Source data
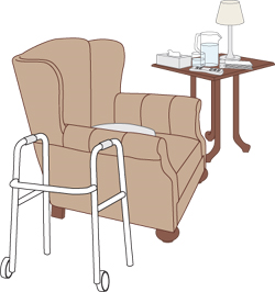 Przedmioty, których często używasz (np. telefon, pilot, radio, chusteczki higieniczne, kosz na śmieci, dzbanek i szklanka, gazety i leki) umieść w zasięgu ręki, żebyś nie musiał daleko po nie sięgać lub się schylać.
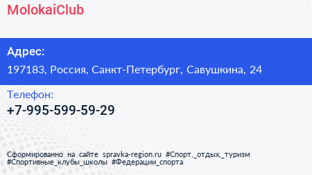 MolokaiClub по адресу 197183, Россия, Санкт-Петербург, Савушкина, 24 в дальнейшем Организация, размещена в следующих категориях:
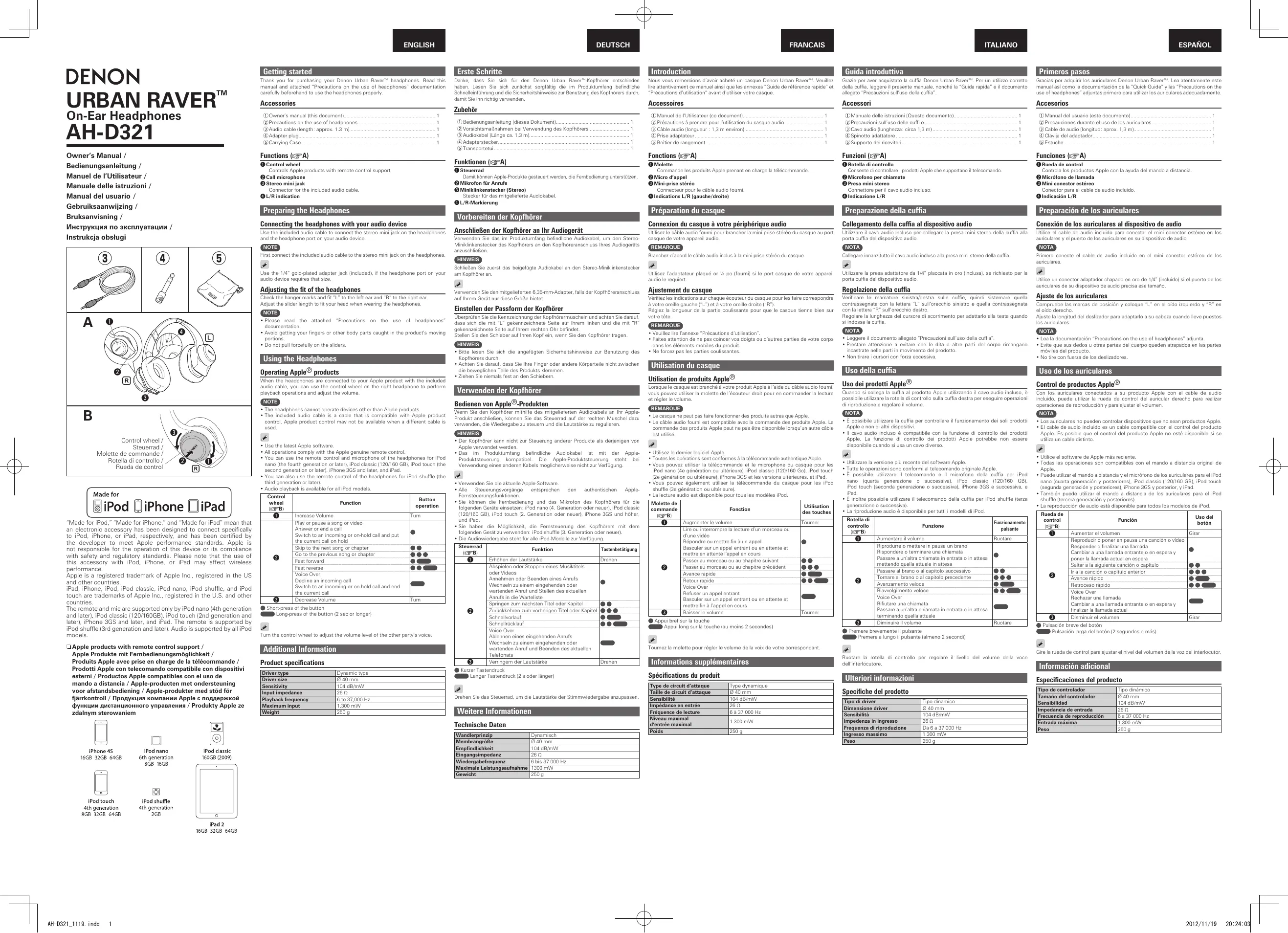 Retrouvez gratuitement la notice de l'appareil AH-D321 DENON au format PDF.
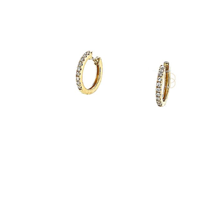 14 krt geelgouden strakke oorringen met briljant geslepen diamanten, totaal diamantgewicht 0.12ct SI/W. Diameter 12mm, breedte 1,5mm.
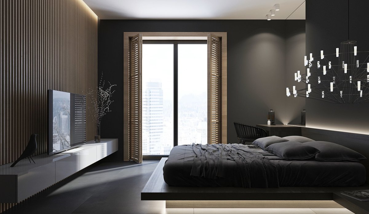 6. Интерьер спальни в современном стиле в темных тонах
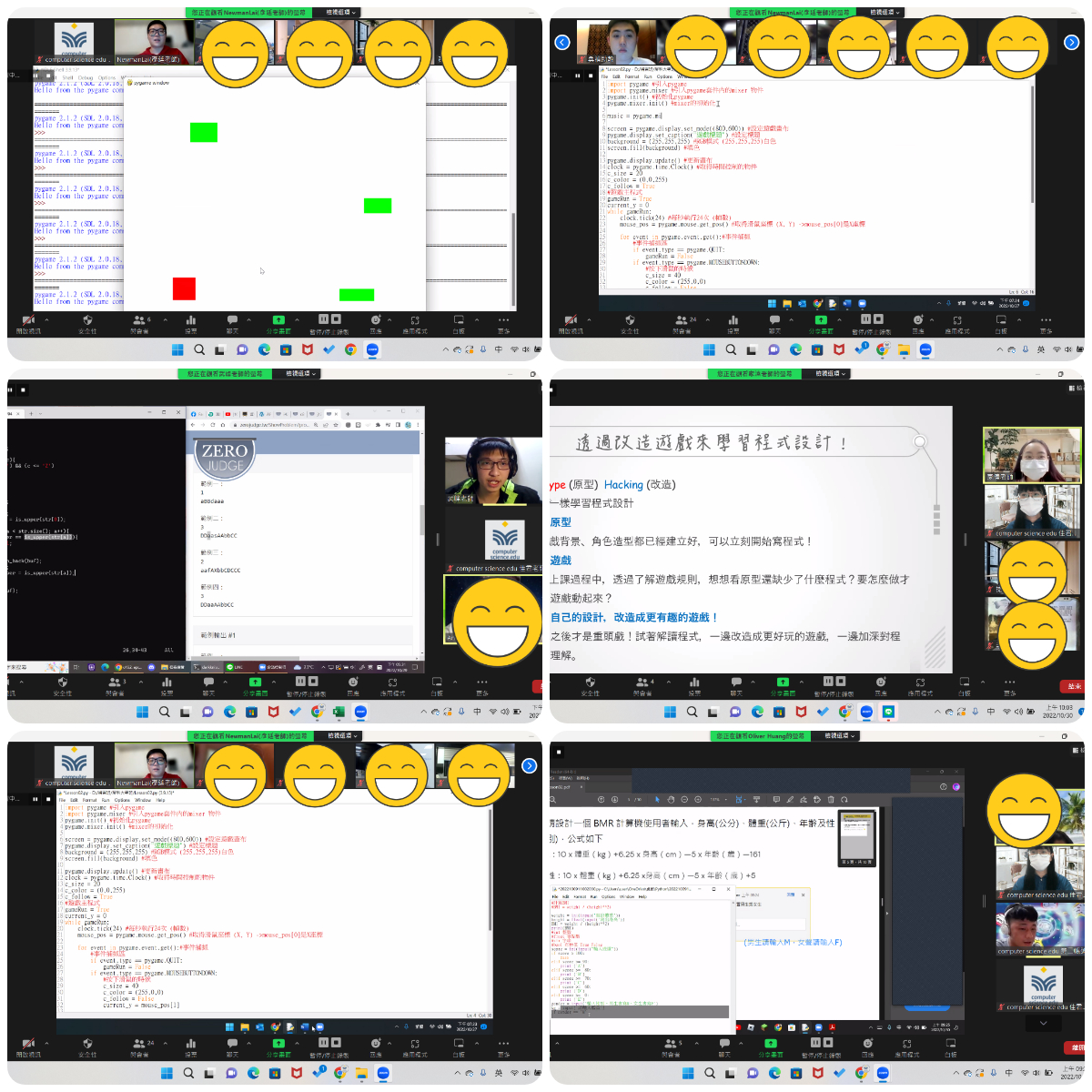 ●遠距線上視訊程式課程,上課使用zoom、google classroom、程式軟體進行,強調互動及實作,孩子遇到程式問題,可以分組討論、分享畫面、遠端操控,班級除主要講師一位,同時搭配相關科系的助教跟課協助孩子。
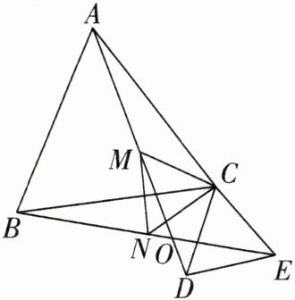 3 [较难]已知:如图,△ABC,△CDE都是等边三角形,AD,BE相交于点O,点M,N分别是线段AD,BE的中点.
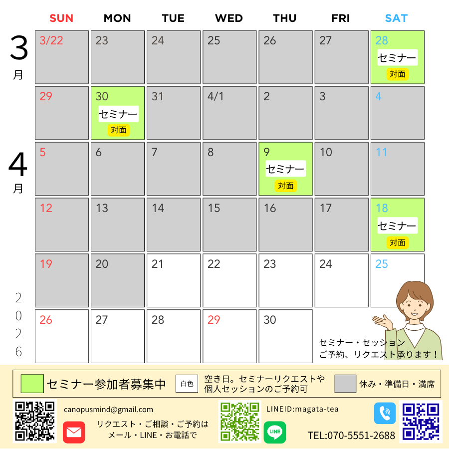 セミナー・個人セッションのご予約、リクエストのご相談は070-5551-2688(担当者携帯直通)
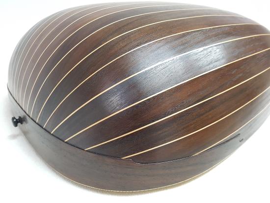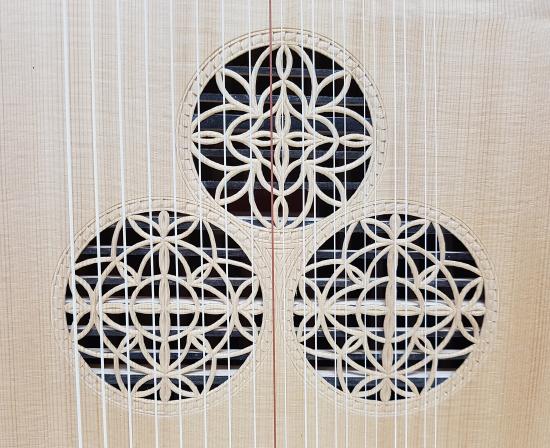 body with 23 (or 41 ribs) in curly or birds-eye maple, indian rosewood, plum, yew, ebony or according to individual customer preferences
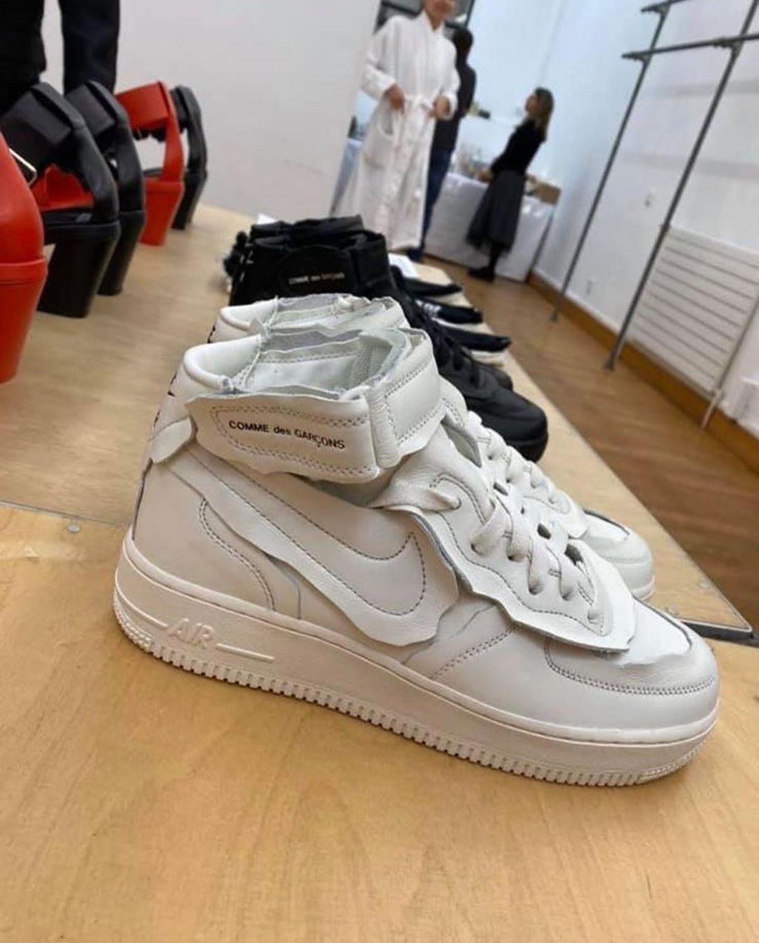 Modern Notoriety on X The COMME des GARCONS x Nike Air Force 1 Mid features excess material around the Swoosh laces toe box and ankle strap giving the pair a deconstructed look Very well made.
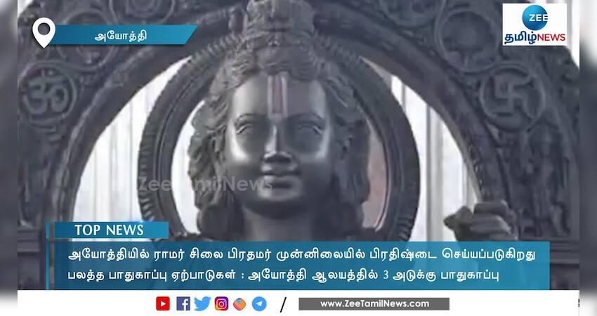 அயோத்தியில் பிரதமர் மோடி முன்னிலையில், ராமர் சிலை நாளை பிரதிஷ்டை செய்யப்படும் நிலையில், பலத்த பாதுகாப்பு ஏற்பாடுகள் செய்யப்பட்டுள்ளன.
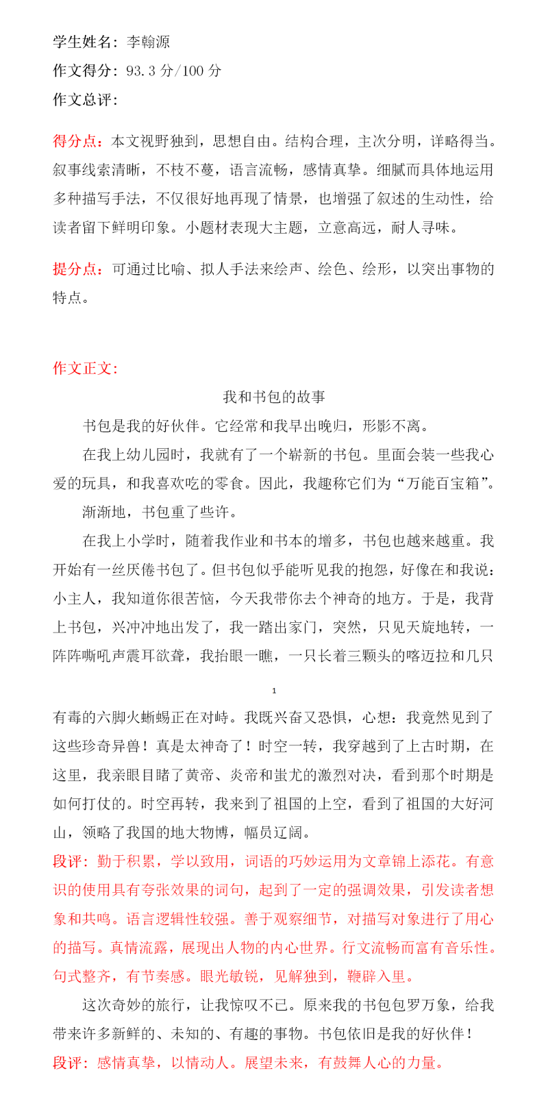 小作者有丰富的想象力,文章构思新颖,思路清晰,语句通顺,故事情节生动有趣,讲述了书包带给“我”的奇妙旅行,引起读者的阅读兴趣。
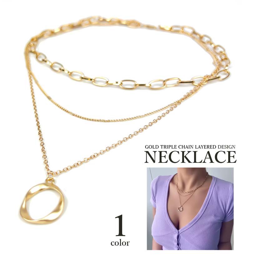 ツイストリングトップ 3連 ゴールドチェーン チョーカー ネックレス ペンダント プチプラ アクセサ・・・
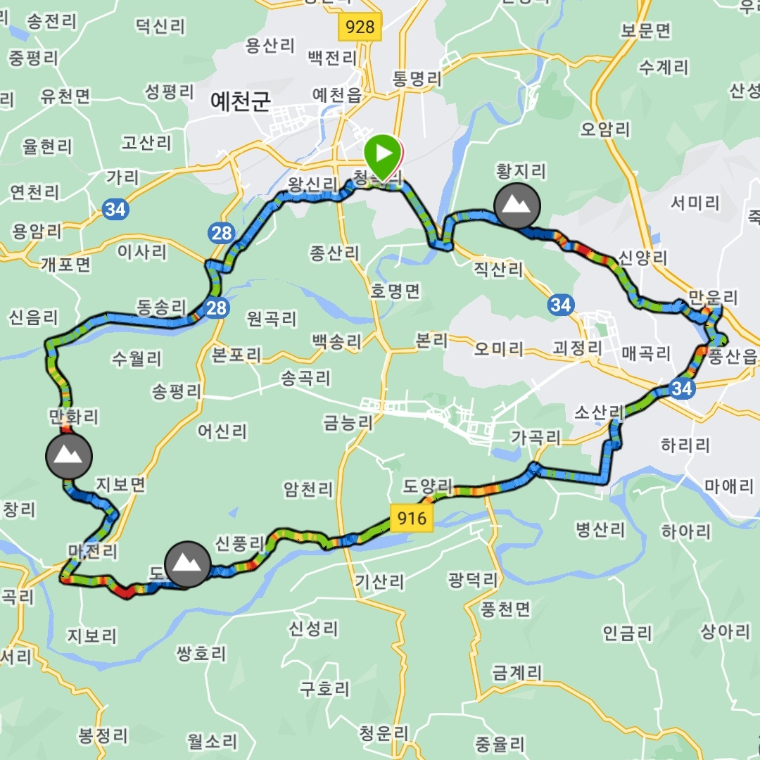 오늘 달리는 거리도 그리 길지 않은데 이런 저수지뷰라도 즐겨야 하지 않을까 싶어서 둘러둘러 다니는 코스를 짜본 것이다. 만운지를 크게 돌아서 풍산으로 간다.
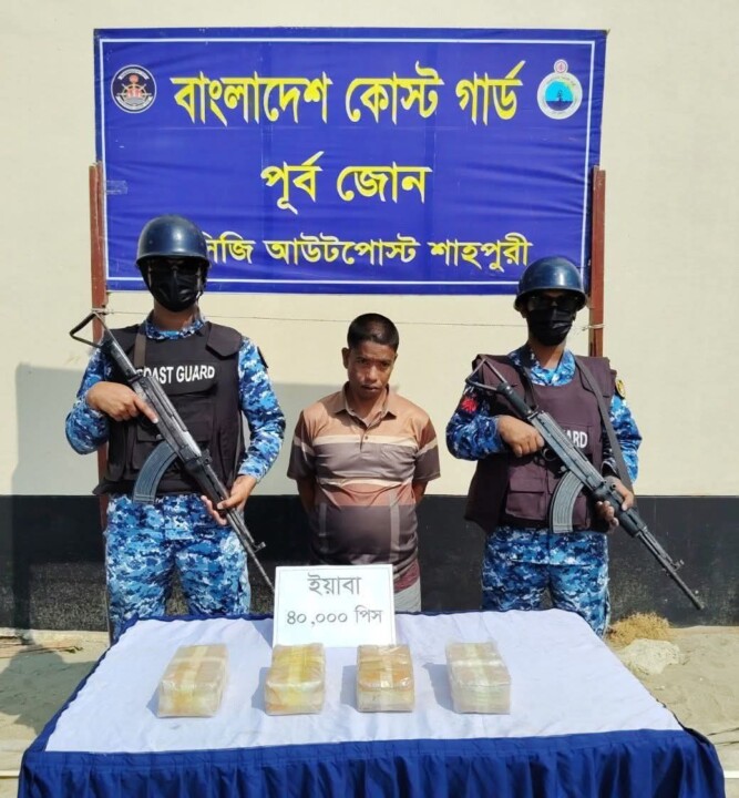 কক্সবাজারের টেকনাফে নাফ নদীতে বিশেষ অভিযান চালিয়ে প্রায় ২ কোটি টাকা মূল্যের ৪০ হাজার পিস ইয়াবাসহ মিয়ানমারের এক নাগরিককে আটক করেছে বাংলাদেশ কোস্ট গার্ড।মঙ্গলবার (২৪ ফেব্রুয়ারি) ভোরে টেকনাফের শাহপরীর দ্বীপ সংলগ্ন সীমান্ত এলাকায় এ অভিযান পরিচালনা করা হয়।কোস্ট গার্ড সদর দপ্তরের মিডিয়া কর্মকর্তা লেফটেন্যান্ট কমান্ডার সিয়াম-উল-হক জানান, ভোর ৫টার দিকে জালিয়াপাড়া সংলগ্ন নাফ নদীতে কোস্ট গার্ডের একটি দল অবস্থান নেয়। এ সময় সন্দেহজনক একটি কাঠের বোটকে থামার সংকেত দেওয়া হলে তল্লাশি চালিয়ে পলিথিনে মোড়ানো অবস্থায় ৪০ হাজার পিস ইয়াবা উদ্ধার করা হয়।আটক ব্যক্তি নুরুস সাফা (৪৭), তিনি মিয়ানমারের মংডুর নাপিতের ডেইল এলাকার মৃত বাছা মিয়ার ছেলে। বোটের চালক ও মাদক পাচারকারীকে হাতেনাতে আটক করা হয়। পাচারকাজে ব্যবহৃত কাঠের বোটটিও জব্দ করা হয়েছে।

_Exercise description_: Exact repeat, pictures omitted: give every line from the top of the records down to and including the line with "Retrouvez gratuitement la".

_Written response_:
 Przedmioty, których często używasz (np. telefon, pilot, radio, chusteczki higieniczne, kosz na śmieci, dzbanek i szklanka, gazety i leki) umieść w zasięgu ręki, żebyś nie musiał daleko po nie sięgać lub się schylać.
 MolokaiClub по адресу 197183, Россия, Санкт-Петербург, Савушкина, 24 в дальнейшем Организация, размещена в следующих категориях:
 Retrouvez gratuitement la notice de l'appareil AH-D321 DENON au format PDF.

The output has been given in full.